I'm going to be 20 the end of this month :biggrin:


----------



## vjw (Dec 20, 2006)

49








Joy


----------



## garrettsmom (May 15, 2006)

47 (ouch)


----------



## Bella Rose (Mar 21, 2006)

I'm 37... 

Bella is 1 1/2
Kaley is 13
Zack will be 14 in October.


----------



## Julie718 (Feb 17, 2006)

I will be 34 this month, but have started saying I was born in 1980 so that will make me 28 this month! LOL!


----------



## LJSquishy (Feb 27, 2008)

I am 23, and London is 6 months old. :supacool:


----------



## marquee (Apr 17, 2008)

30


----------



## MandyMc65 (Jun 14, 2007)

I will turn 25 in September (woohoo! Car Insurance rates go down!).

Jax is 15 months :wub:


----------



## KandiMaltese (Mar 27, 2007)

I'll be 28 in a few months.


----------



## Suz & the Fluffs (Mar 11, 2006)

I'm 22 and I will be 23 in three months.


----------



## Teddyandme (Feb 6, 2005)

Well the body is giving out at 132, the brain is going strong at only 20 something and the real deal is I'm 46

And my baby boy Teddy is 4


----------



## The A Team (Dec 1, 2005)

QUOTE (2MaltMom @ Jul 3 2008, 08:34 AM) index.php?act=findpost&pid=600010


> 54 and loving life! :thumbsup:[/B]



Whoops, I had a birthday in May......so that would make me 55 now! :brownbag: :blush:


----------



## Gemma (Jan 19, 2006)

I'm going to be 42 in couple of months :biggrin: I can't wait to be 65 :supacool:


----------



## chichi (Apr 12, 2007)

Everyone is young compared to me .I am 56 and3/4.


----------



## 3Maltmom (May 23, 2005)

I'm older than dirt ~ :HistericalSmiley:


----------



## mysugarbears (Aug 13, 2007)

I just turned 44 last month  :smheat:


----------



## MalteseJane (Nov 21, 2004)

:HistericalSmiley: :HistericalSmiley: :HistericalSmiley: me too I am older than dirt


----------



## harrysmom (Sep 28, 2007)

I'll be 49 on July 25th!! :biggrin: 

Debbie


----------



## MrBentleysMom (Dec 19, 2007)

Well Julie, 

I actually was born in 1980!!! But us 28 year olds would love to have you in our club, so stick with your story!


----------



## jazak (Feb 12, 2008)

I will be 27 in August.


----------



## Moxie'smom (Dec 16, 2007)

I like that 'I'm older than dirt" Line..LOL :smpullhair:


----------



## Tanner's Mom (May 27, 2005)

59!


----------



## EmmasMommy (Jun 2, 2008)

Would you believe "Plenty-One"?, Okay, okay.............56 years old, I said it...

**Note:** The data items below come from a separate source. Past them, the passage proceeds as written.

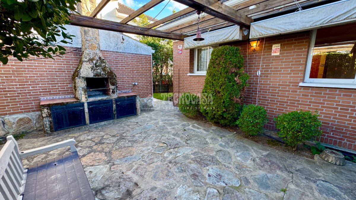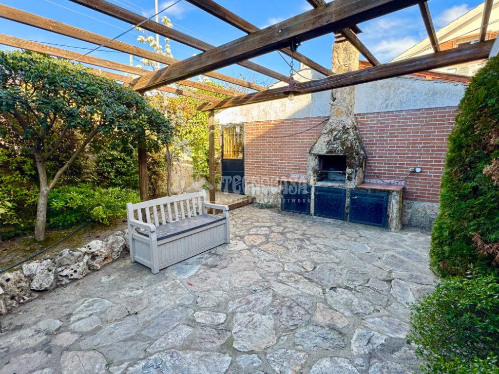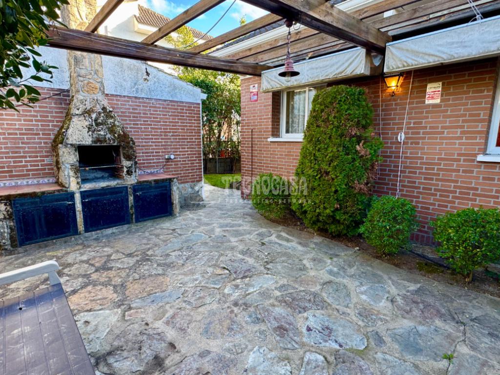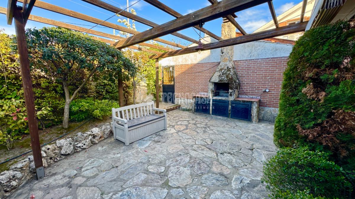 En el exterior, la parcela está pensada para disfrutar: jardín delantero, garaje acondicionado y revestido en madera, y un agradable patio trasero con pérgola con toldos y zona de barbacoa, ideal para reuniones y momentos de ocio.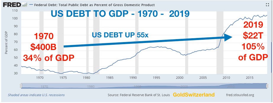US debt in 1971 was $400 billion which was 34% of GDP. Today US debt is 55x greater at $22 trillion and 105% of GDP.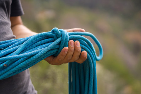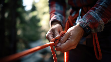 Close-up of outdoor adventure with hands tying climbing rope during hike.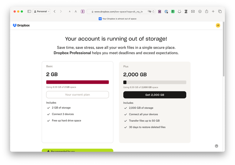 I am getting extremely tired of getting "You're running out of space!" notifications. I'm not running out of space. I have more than 1GB free. If these don't stop, I think I'll just move everything to iCloud Drive and delete Dropbox.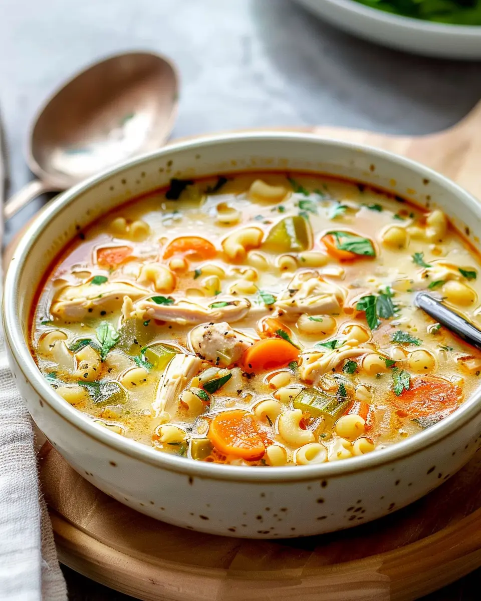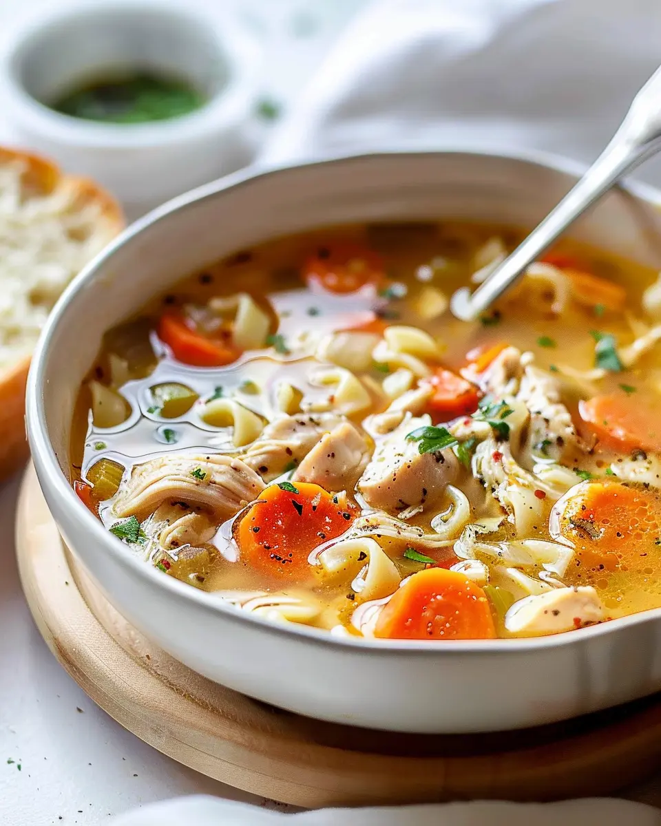 A serving of this delightful chicken soup typically contains around 200-250 calories. This means you can enjoy a bowl without feeling guilty about your caloric intake, making it a great option for lunch or dinner.
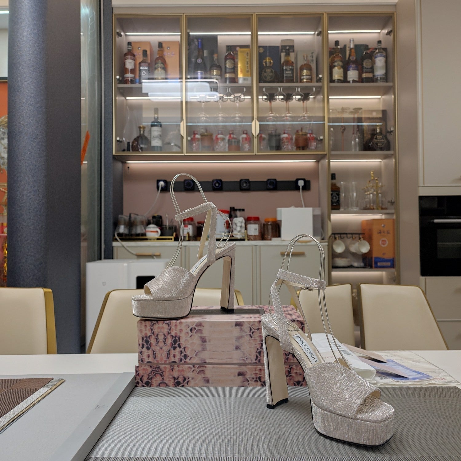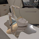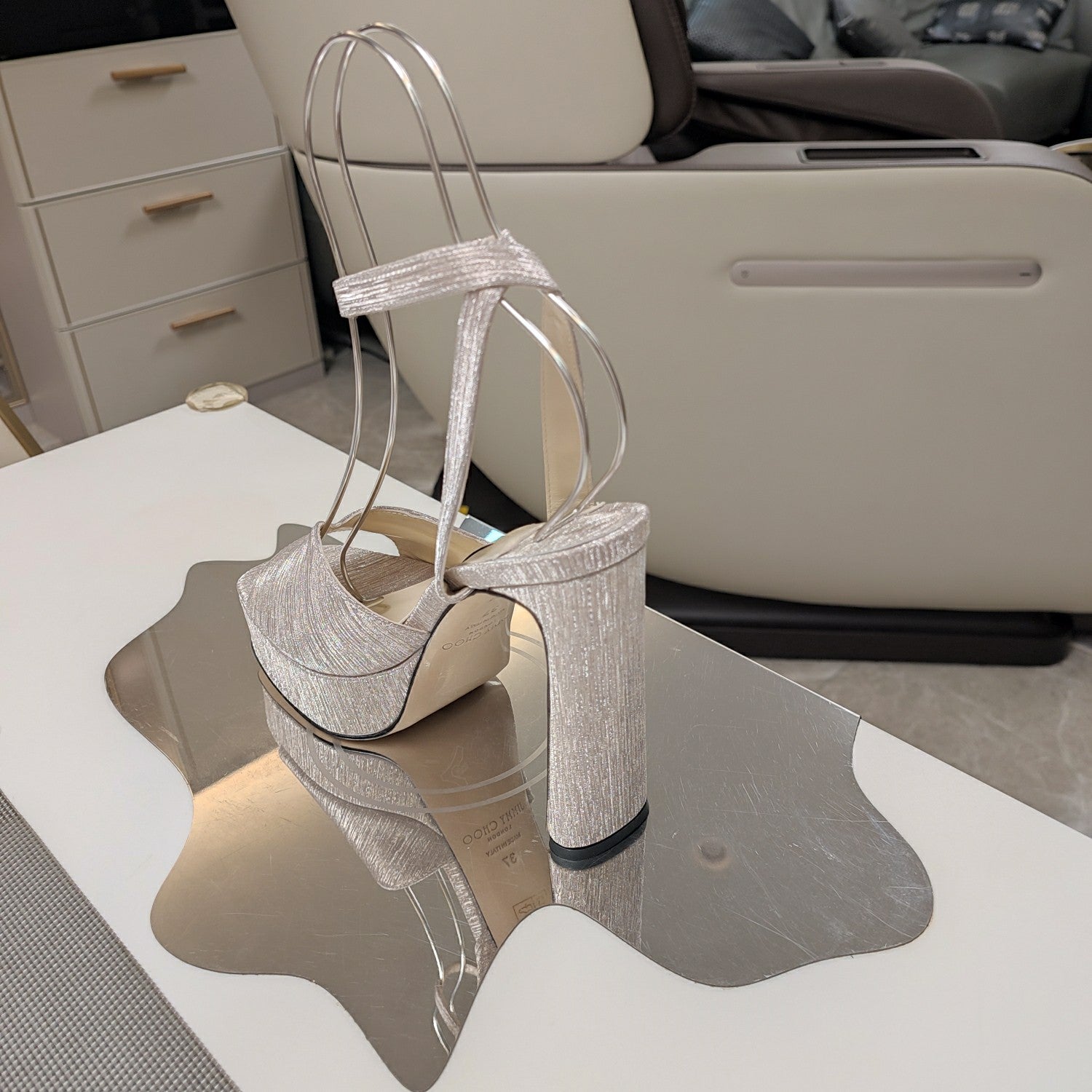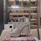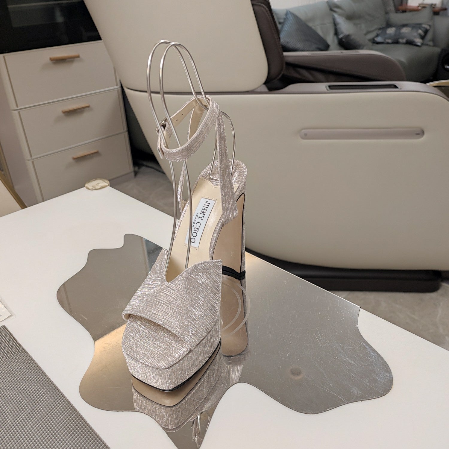 Jimmy 25 Platform Sandal Heels Beige Satin Fabric 240015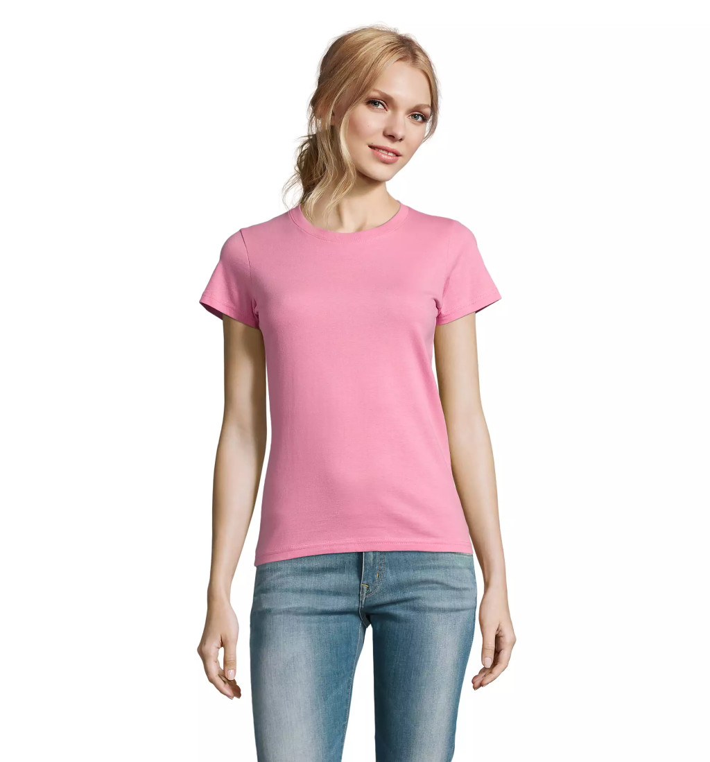 Karcsúsított, szabású, Sol's Imperial  női póló, oldalvarrással, rövid ujjal, szalagerősített nyakvonallal, elasztikus nyakpasszéval, pamut szövetből!

I remember when I was 26, I thought a 38 yr old I was working with was old........ hmmm, I was mistaken.


----------



## Furbaby's Mommie (Jul 10, 2004)

66 and 11/12's

That's not old--if you are a tree..... :shocked:


----------



## Lacie's Mom (Oct 11, 2006)

I will be turning 50 in 2 weeks. Ouch!!!!


----------



## sassy's mommy (Aug 29, 2005)

I didn't realize we have as many over 50 on the forum as we do. Hey Joe, maybe we could have a *Red Hat* section for us mature girls.


----------



## kathym (Aug 5, 2006)

59>> HITTING THE BIG 60 JAN 3


----------



## I found nemo (Feb 23, 2006)

QUOTE (Furbaby's Mommie @ Jul 3 2008, 03:52 PM) index.php?act=findpost&pid=600203


> 66 and 11/12's
> 
> That's not old--if you are a tree..... :shocked:[/B]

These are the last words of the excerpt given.